9. Your Rights Under CCPA

If you are a California resident, the California Consumer Privacy Act (CCPA) provides you with the following rights:

  • Right to Know: Request disclosure of the categories and specific pieces of personal information we have collected.
  • Right to Delete: Request deletion of your personal information.
  • Right to Opt-Out: Opt out of the sale of your personal information. We do not sell personal information.
  • Right to Non-Discrimination: We will not discriminate against you for exercising your CCPA rights.

To exercise these rights, contact us at privacy@reveo.com. We will verify your identity before processing your request.

10. Cookies and Tracking Technologies

We use the following types of cookies:

  • Essential Cookies: Required for the Service to function (authentication, session management, security).
  • Analytics Cookies: Help us understand how the Service is used so we can improve it.
  • Preference Cookies: Remember your settings and preferences.

You can control cookies through your browser settings. Disabling essential cookies may prevent the Service from functioning properly.

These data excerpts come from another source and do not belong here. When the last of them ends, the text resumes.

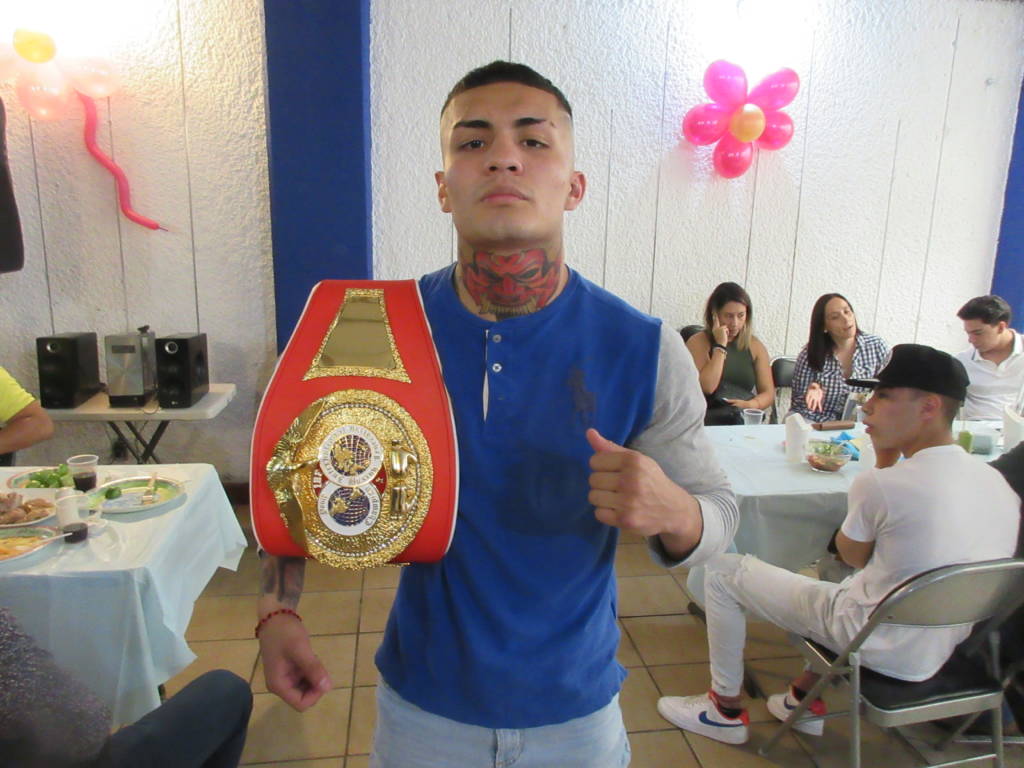 Muy orgulloso el “Conejo” Díaz lució su cetro mundial juvenil de la IBF, sabe que ahora será un rival a vencer.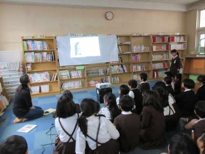 20分休みになって「図書室で絵本の読み聞かせをやっています」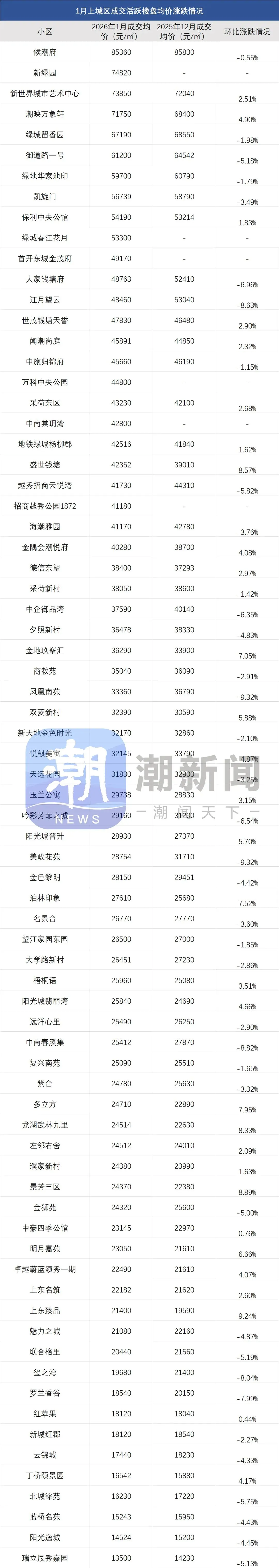注:一、以上数据来源于中指研究院,统计为2026年1月二手房成交均价,2025年12月二手房成交均价;二、在不同成交时期,成交的物业类型(别墅、排屋、公寓等)、精装与否、户型大小、楼层与楼幢位置的不同会造成价格变动;三、有些房源为了减少税费,会稍微压低成交单价;而有些二手房为了增加银行贷款,也有可能稍微做高单价,具体房源信息建议去实地看看。

11. Data Privacy Frameworks

Reveo processes data in accordance with applicable data privacy frameworks. We are committed to handling personal data responsibly and in compliance with relevant data protection regulations in the jurisdictions where we operate, including the General Data Protection Regulation (GDPR), the California Consumer Privacy Act (CCPA), and other applicable privacy laws.

12. HIPAA Compliance

Reveo can provide a Business Associate Agreement (BAA) for healthcare customers who require HIPAA compliance. If your organization is subject to HIPAA and you need a BAA in place before using the Service, please contact us at privacy@reveo.com to request a BAA.

13. Children's Privacy

The Service is not directed to individuals under the age of 16. We do not knowingly collect personal information from children. If we become aware that we have collected data from a child under 16, we will take steps to delete it promptly.

14. Related Policies

Please review our other policies that govern your use of the Service:

15. Contact Us

If you have questions about this Privacy Policy, wish to exercise your data rights, or have a complaint, please contact us:

Reveo, LLC
Coeur d'Alene, ID 83815
Privacy: privacy@reveo.com
Support: support@reveo.com
Phone: (844) 410-3050
Website: reveo.com

16. Changes to This Policy

We may update this Privacy Policy from time to time. We will notify you of material changes by posting the updated policy on this page and updating the "Effective Date" above. Your continued use of the Service after any changes constitutes acceptance of the updated policy.